2.5. Cell proliferation by CCK8

Cell proliferation was analyzed using the CCK8 assay (Beyotime, China). Triplicate cells were cultured at a density of 2.5 × 103/well in 100 μl of medium in 96-well microplates. Sufficient wells for monitoring cell growth over six days were reserved, with the necessary blank wells. The absorbance was analyzed at 450 nm with a microplate reader (Spectramax M5, Molecular Devices, USA) after a 2-h-treatment of 10 μl CCK8 reagent.

2.6. Phenotype detection of apoptosis

Pfeiffer cells and transfected cells were cultured and harvested at a density of 1 × 106 cells per test. The cells were washed twice with PBS. Mitochondrial membrane potential was assessed using flow cytometry. Cells were suspended in warm RPMI 1640 and stained with 200 nM mitochondrial dye MitoTracker Red CMXRos (Invitrogen, USA) at 37 °C for 20 min. After centrifuging and discarding the staining solution, the pellets were gently resuspended in warm culture medium and analyzed using CytoFlex S (Beckman Coulter, USA).

Apoptosis levels were determined using the Annexin V/7-AAD staining method and detected using flow cytometry. Cells were stained with PE labelled Annexin V and nucleic acid dye 7-AAD on ice, according to the instructions for the PE Annexin V Apoptosis Detection Kit I (BD Biosciences, USA). The stained cells were immediately analyzed using CytoFlex S (Beckman Coulter, USA).

The Tunnel assay was used to assess the level of apoptosis using a laser confocal microscope and a Tunnel apoptosis detection kit (Yeasen, China). The cells were fixed with 4 % paraformaldehyde on ice for 20 min and permeabilized with 0.2 % Triton X-100 for 5 min at room temperature. Cells were incubated with Alexa Fluor 640-12-dUTP labelling mix and recombinant TdT enzyme in the dark for 1 h, according to the manufacturer's instructions. EDTA was added to terminate the reaction, followed by washing with 0.1 % Triton X-100 containing 5 mg/ml BSA. Finally, the images were visualized and acquired using DMI6000B/DFC365FX (Leica, Germany).

2.7. Apoptosis array

Proteins in the human apoptosis signaling pathway were detected using a human apoptosis antibody array (R&D Systems, USA) following the manufacturer's instructions. Briefly, total proteins of wild-type Pfeiffer cells (Pfeiffer), HBx-transfected (pHBx), and control plasmid-transfected (pControl) Pfeiffer cells were extracted, and the concentrations were measured using a BCA protein quantification kit (Yeasen, China) adjusted to 300 μg in 250 μl lysis buffer per array. The membrane array was blocked and incubated with the protein samples overnight at 4 °C. The membranes were washed and incubated with an antibody cocktail and streptavidin–HRP solution. Chemi Reagent Mix was used for visualization, and the intensity was measured using an Amersham Imager 600 (General Electric Company, USA).

2.8. Western blot

Whole-cell proteins were extracted with Western IP lysis buffer (Beyotime, China) supplemented with protease inhibitors, and the protein concentrations were measured using a BCA protein quantification kit (Yeasen, China). Protein samples were separated by 10 % polyacrylamide gel electrophoresis, transferred to polyvinylidene fluoride membranes (Merck Millipore, USA), and blocked with 5 % non-fat milk (Sangon Biotech, China).
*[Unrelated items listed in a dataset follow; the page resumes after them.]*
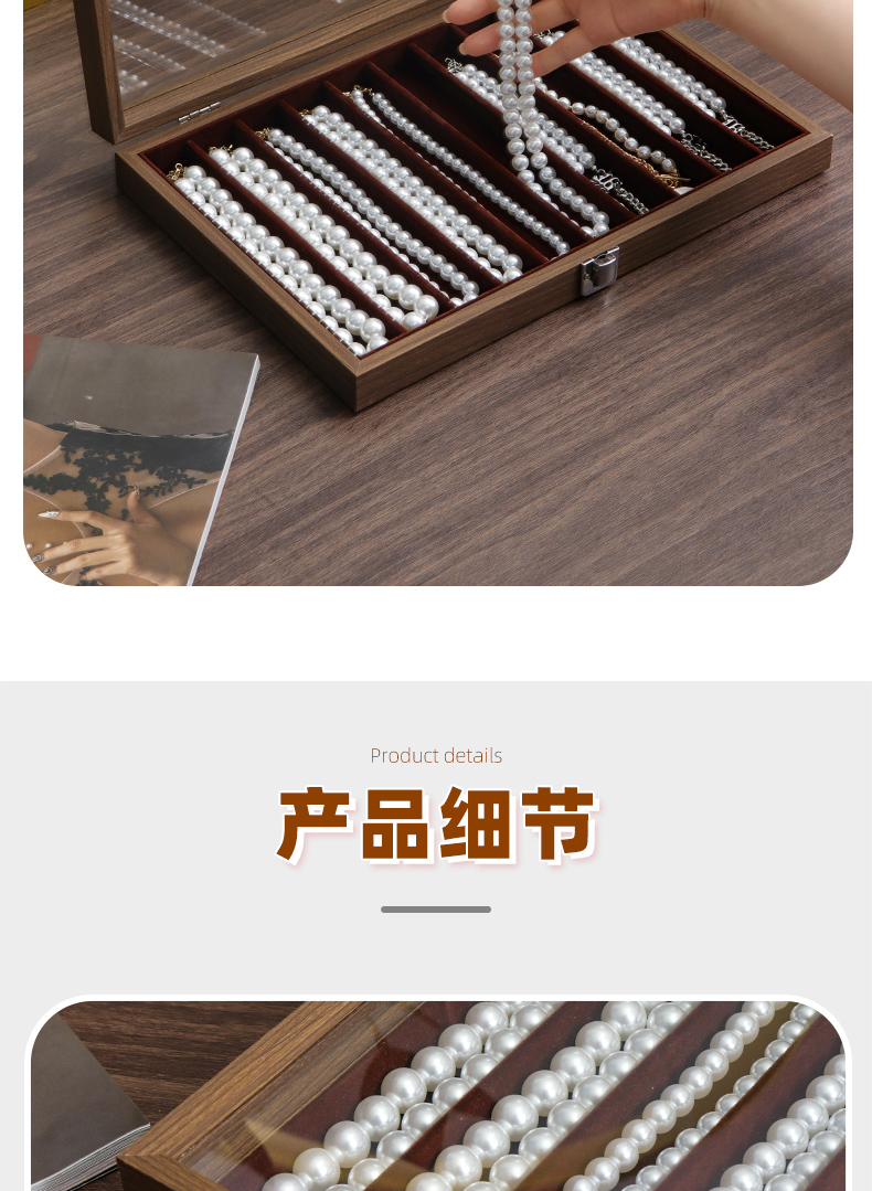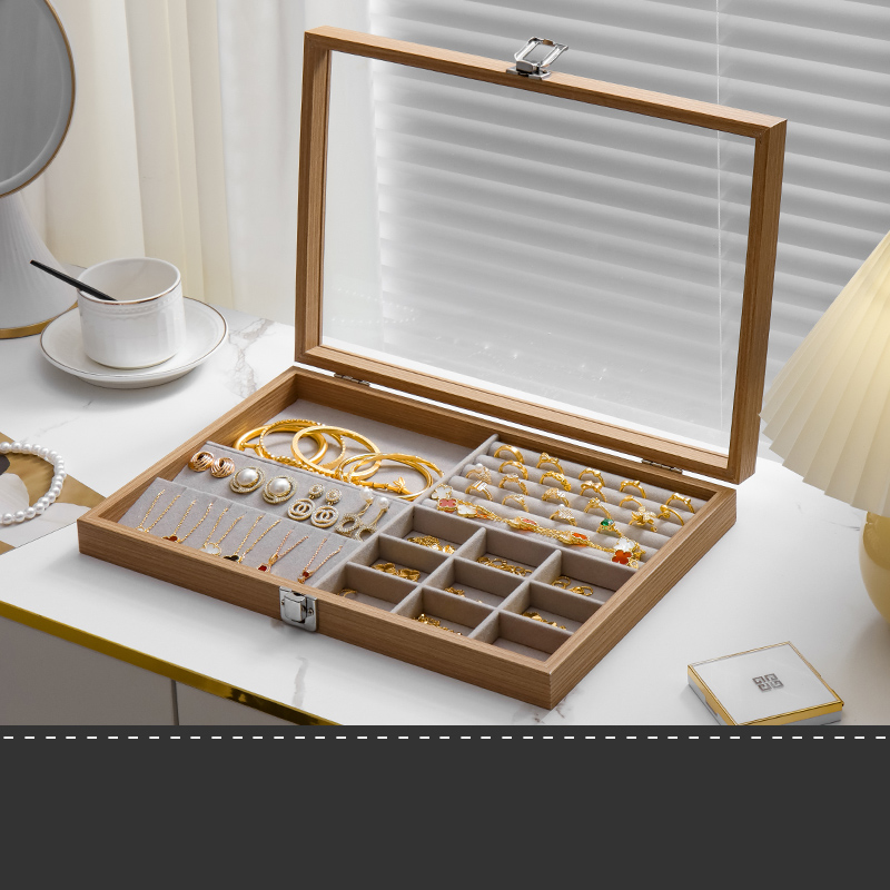 진주 목걸이 보관 상자 뚜껑 유리 방진 긴 팔찌 구슬 보석 두꺼운 목걸이 보석 상자 팔레트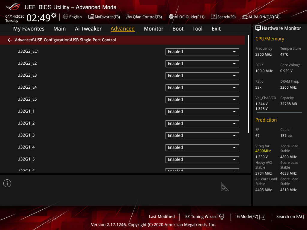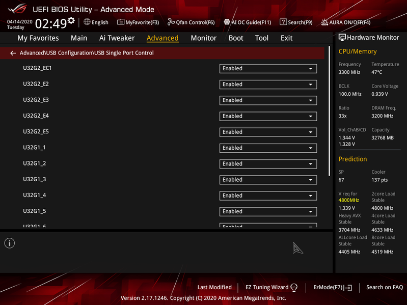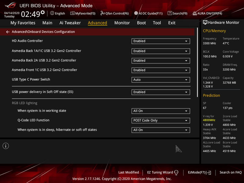 Управление периферией. Имеется много интересных позиций, когда каждым портом USB можно управлять. Как и менять режимы работы слотов PCIe и M.2. И не забываем, что порт USB 3.2 Gen2 Type-C (тот, что внутри материнки в виде странного разъема, для которого в корпусах до сих нет соответствующего кабеля) «сидит» на одной и той же линии PCIe со слотом PCIe x1, поэтому в BIOS можем выбрать — что включить, а что выключить. Заодно там же есть скрытая функция получения цифрового пропуска на перемещение в Москве (после снятия карантина будет обновление BIOS, и функция пропадет).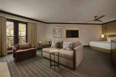 A total of 16 Park Fireside Suites are available. Although their configuration changes with location, their approximate size of these Beaver Creek accommodations is 600 square feet. All have a king-sized signature Hyatt Grand Bed® fitted with soft linens and down duvet piled atop a plush pillow top mattress, flat screen LCD TVs and a seating area offering a Queen sofa sleeper next to a gas fireplace. The Park Fireside Suites have varying views, most with balconies and the ability to connect to a Double / Double guest room.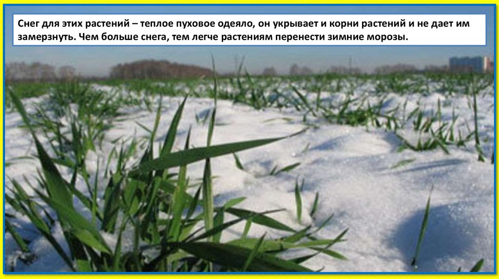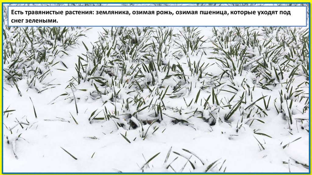 Есть травянистые растения: земляника, озимая рожь, озимая пшеница, которые уходят подснег зелеными.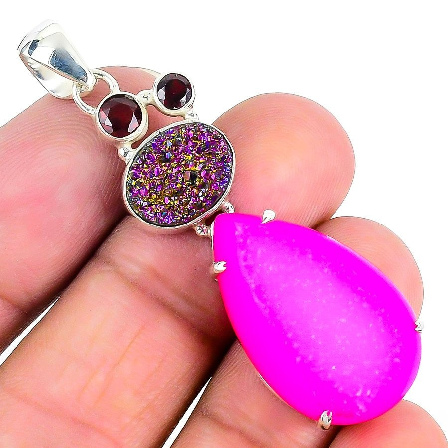 Friendship Day Sale Pink Druzy Gemstone 925 Silver Wedding Bezel Pendant Jewelry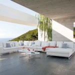 Collection de modules de canapés pour l’extérieur » Zendo « . Structure en aluminium anodisé. Fauteuil Club 1 770 €. Canapé 2.5S 3 795 €. Canapé 3 places 4 585 € (Alexander Rose).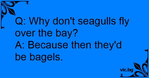 Q: Why don't seagulls fly over the bay?<br />A: Because then they'd be bagels.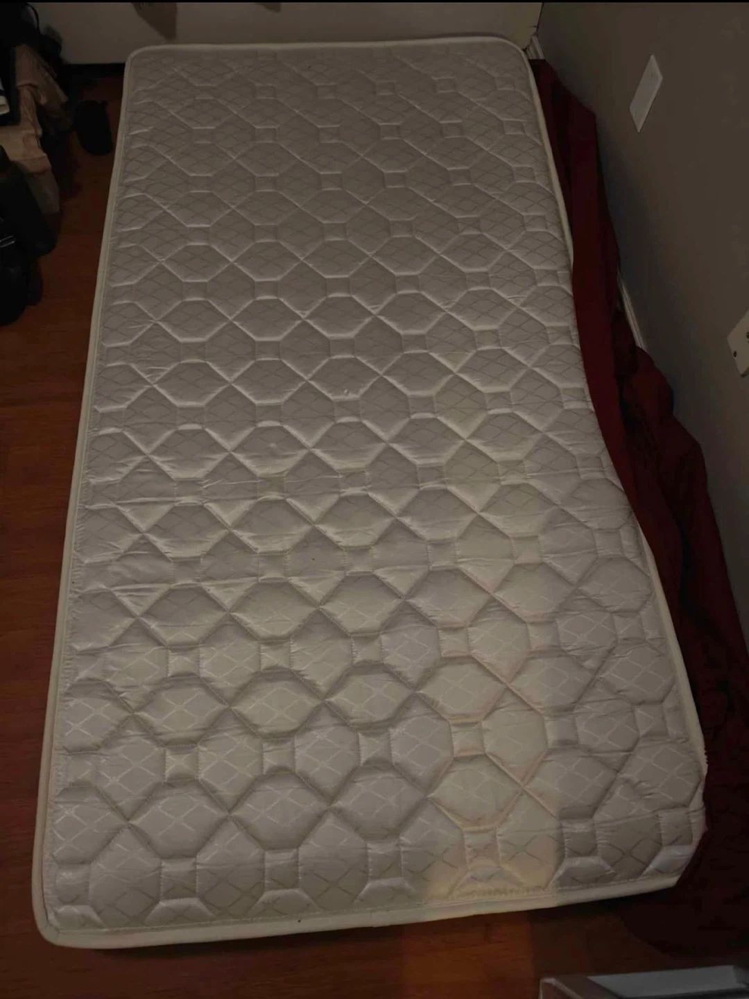 A standard twin-size mattress for your bed. It's covered in a quilted white fabric. This mattress is ready for a new home!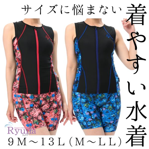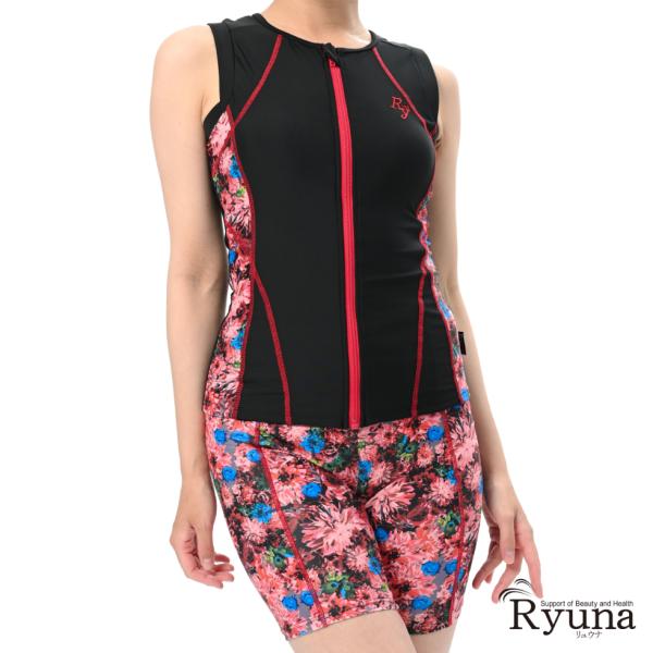 フィットネス水着 ジム用水着 レディース セパレート ノースリーブ M L LL 9M 11L 13L 体型カバー ママ プール ジム 大きい GR2205F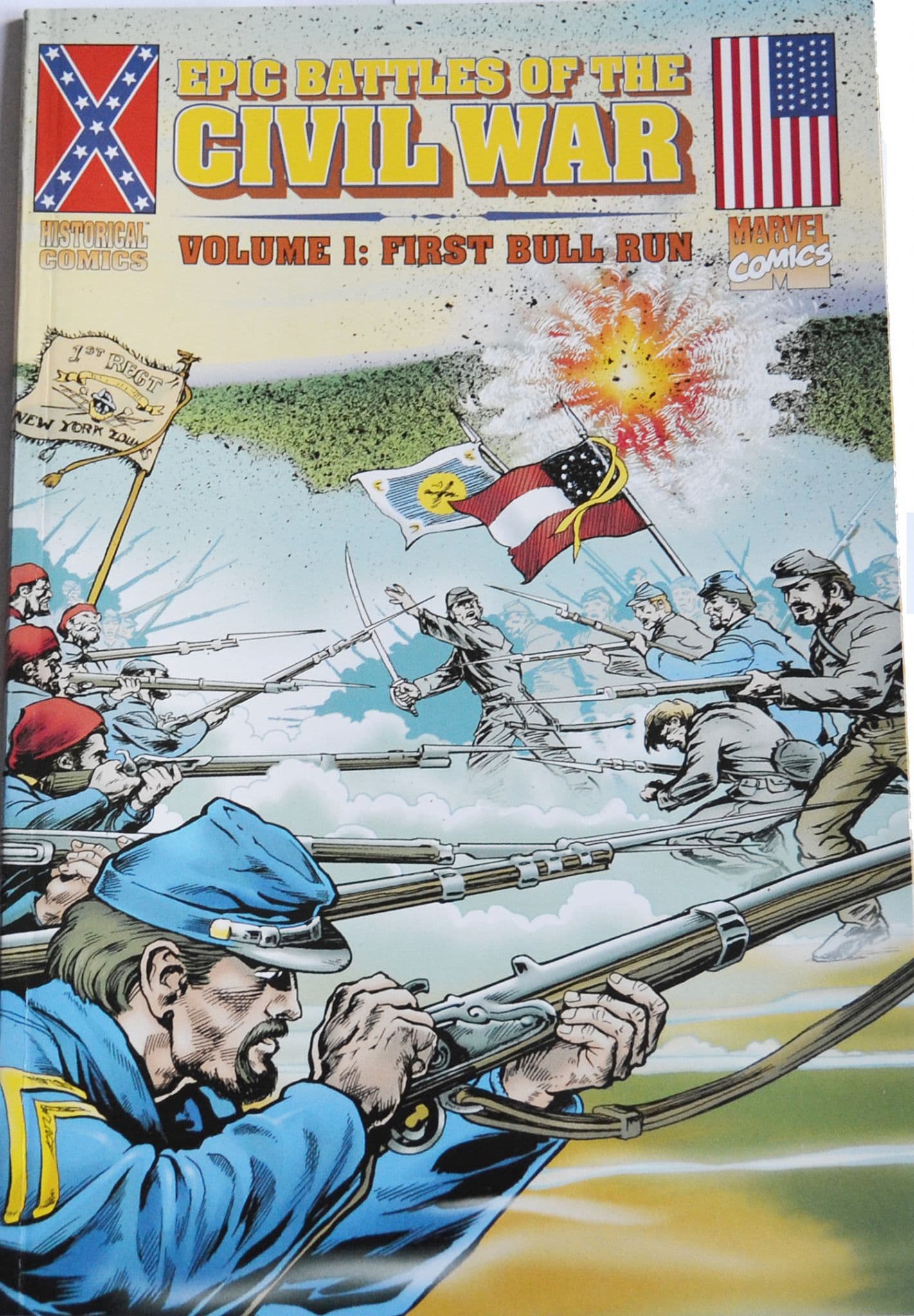 This was the first major battle of the Civil War. The Union army marched from Washington D.C. with the expectation that following this battle they would proceed to Richmond, Virginia, the Confederate capital, and end the war. Instead, the Union army was defeated, the South had a new military hero, General T.S. "Stonewall" Jackson, and the divided nation prepared for a prolonged and devastating war. Part of the historical comic book series "Epic Battles of the Civil War," which were produced by noted Historians in cooperation with the world-famous Marvel Entertainment Group.

The primary antibodies used were β-actin (catalogue 66009-1-Ig, Proteintech, USA), Bax (5023, Cell Signaling Technology (CST), USA), poly ADP-ribose polymerase (PARP) (9532, CST), cleaved PARP (5626, CST), Caspase-3 (SC-7272, Santa Cruz Biotechnology, USA), and cleaved Caspase-3 (9664, CST). The secondary antibodies were HRP-conjugated AffiniPure goat anti-mouse IgG (SA00001-1, Proteintech) and HRP-conjugated AffiniPure goat anti-rabbit IgG (SA00001-2, Proteintech). Signals were detected using an Amersham ECL chemiluminescence system. The relative expression levels of apoptosis-related proteins were represented by signal intensity of each band, which was normalized by the respective control signal intensities, for example, Bax/β-actin, cleaved PARP/PARP, and cleaved Caspase-3/Caspase-3.

2.9. Animal experiment

Four-week-old SPF male BALB/c nude mice (GemPharmatech Co., Ltd.) were randomly divided into three groups with four mice in each group. Mouse xenograft models were established by subcutaneous injection of 100 μl (1 × 107/mouse) of cell suspensions of Pfeiffer, pControl, and pHBx. The weight, tumor length, and width of mice were measured periodically, and the tumor volume was calculated. Four weeks post-injection, the mice were euthanized by carbon dioxide asphyxiation, and the tumors were removed and fixed with paraformaldehyde. HE staining was performed on tumor tissues, and tumor cells were selected to create a tissue chip for subsequent experiments. All animal experiments (FUSCC-IACUC-2022010) performed in the current study were approved by the Ethics Committee of the Fudan University Shanghai Cancer Center.

2.10. Fluorescence in situ hybridization (FISH)

The experiment was performed using FISH on paraffin sections of tissue chips using a specific fluorescence probe of the HBx gene (GTGAAAAAGTTGCATGGTGCTGGT and ACCAATTTATGCCTACAGCCTCCTA) labelled with Cy3 (red). After dewaxing, dehydration, and digestion, hybridization solution was added to the sections with a probe concentration of 600 nM and incubated in a humidity chamber overnight at 40 °C. The solution was discarded, and the sample was washed with an SCC solution. The probe2 hybridization solution was added and incubated in a humidity chamber at 40 °C for 45 min. The same procedure was performed for signal probe hybridization. The cell nuclei were stained with DAPI in the dark. FISH slides were examined using a fluorescence microscope (NIKON ECLIPSE CI, Japan) and scanned using a whole-section in situ imaging system (PANNORAMIC MIDI, 3DHISTECH, Hungary) to analyze fluorescent signals using the matching software (CaseViewer version 2.4, 3DHISTECH). Experiments using clinical DLBCL tissue chips (HLymB085PT01, Shanghai Outdo Biotech, China) were approved by the Ethics Committee of Shanghai Outdo Biotech (YB M-05-01).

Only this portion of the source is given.